There seems to be some misunderstanding about how and when to apply transitions like Dip to Black or Dip to White in Premiere Pro. It is even propagated in some training videos and this is pretty unfortunate. I hope this article makes the issue clearer.

First, let’s take a look at how transitions work in Premiere in general.

You can apply any transition as a transition between two clips (“Normal transition”). By default it will be centered on the edit point, although you can easily change it either in the timeline, or in the effect control panel. The transition will then be applied between the two clips – applying the cross-fade, slide, wipe, swush and any other wild effect that you choose to use.

Standard cross-fade transition applied between two clips gives an expected result.

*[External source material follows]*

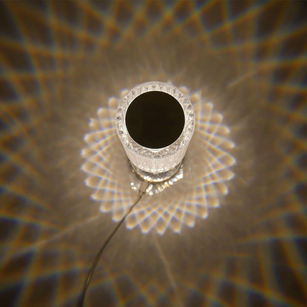 Elegantní lampička promítající ornamenty, která vypadá jako křišťálová. Takovou aspoň jednu doma prostě potřebujete mít! Po rozsvícení vám okamžitě vykouzlí romantickou a příjemnou atmosféru. Je vhodná do ložnice, ale i obývacího pokoje na stůl nebo malý noční stolek. Lampičkou vykouzlíte úsměv na tváři nejenom svojí přítelkyni, ale i mamince, kamarádce nebo sestře. Na lampičku stačí poklepat a tím se rozsvítí. V balení je USB kabel, nezbytný pro funkčnost lampy.

You can also apply a transition at the beginning, or at the end of a given clip (“Single transition”). In that case, Premiere will act as if it was applied between your clip, and a transparent video clip, revealing (but not proplerly transitioning to) the layers beneath, and if there are no layers, the black background.

Cross-fade transition applied at the beginning of a single clip. It is the proper way to fade the clip from or to black.

Push is a good example of the difference between transition and reveal. If you apply it between two clips, you will see both pictures moving. However, if you only apply it to a clip on a layer above, only the clip with the transition will move, revealing a static clip beneath. There are times that you might want to use one way or the other, depending on your artistic preference. No way is necessarily more proper than another, just be aware of the difference.

Push transition applied as the transition between two clips. Both clips take part in the movement.

Push transition applied at the end of a clip reveals the underlying static layer. Only the clip with the transition is moving.

Now let’s take a look at how Dip to Black or Dip to White transitions work.

Each is an equivalent to creating a single frame of black or white, and cross-fading first the outgoing clip into the given color, and then fading in the incoming clip from this color.

Dip to Black as a transition fades the outgoing clip to black, and then reveals the incoming clip by fading from black.

It means, that if you apply it at the beginning, or at the end of the clip you will see the clip fading to the color in the middle of the transition, not at the end of it. I’ve seen people compensating for it by tweaking the transition end point in the effect panel, which seems to me the worst possible way to do it. Let me repeat: you should never use Dip to Black or Dip to White at the beginning or at the end of a single clip. Use it only as a transition between two clips.

Dip to Black applied to the beginning of the clip will produce the first half of the transition as black frames. You should never do that. Ever.

Dip to black might also produce some weird results with multiple layers or transitions stacked upon each other. It used to be worse in previous versions (the example shown in the video mentioned at the beginning would fade the whole sequence to black upon encountering the video due to a bug in render order in CS3), but still dip to black will fade all layers below itself to black, not only the clip that you apply the transition to. It might surprise you, especially if you don’t know how exactly the effect works.

Dip to Black applied to a given layer will fade to black not only this layer, but also all the layers beneath, and in earlier versions of Premiere also the layer above. Unless you know what you are doing, stay away from this method of applying this effect.

I hope this clears the issue.

Tips

Additionally I’d like to offer a few productivity tips regarding the transitions in Premiere Pro CS6:

  • Keyboard shortcut for “Apply Video Transition” is set by default to ctrl/cmd+D. Set your default transition to Film Dissolve or Dip to Black, and redefine as ctrl+alt/cmd+opt + D.
  • Define a keyboard shortcut for “Apply Video Crossfade Transition” as ctrl/cmd+D.
  • You can also customize “Apply Video Dip To White Transition” and “Apply Video Wipe Transition” in a similar manner, if you so choose.
  • To apply a transition at the beginning or at the end of the clip that is adjacent to another clip, hold ctrl/cmd while dragging the transition from the bin – unfortunately, no keyboard equivalent exists yet. This tip also applies to earlier versions of Premiere.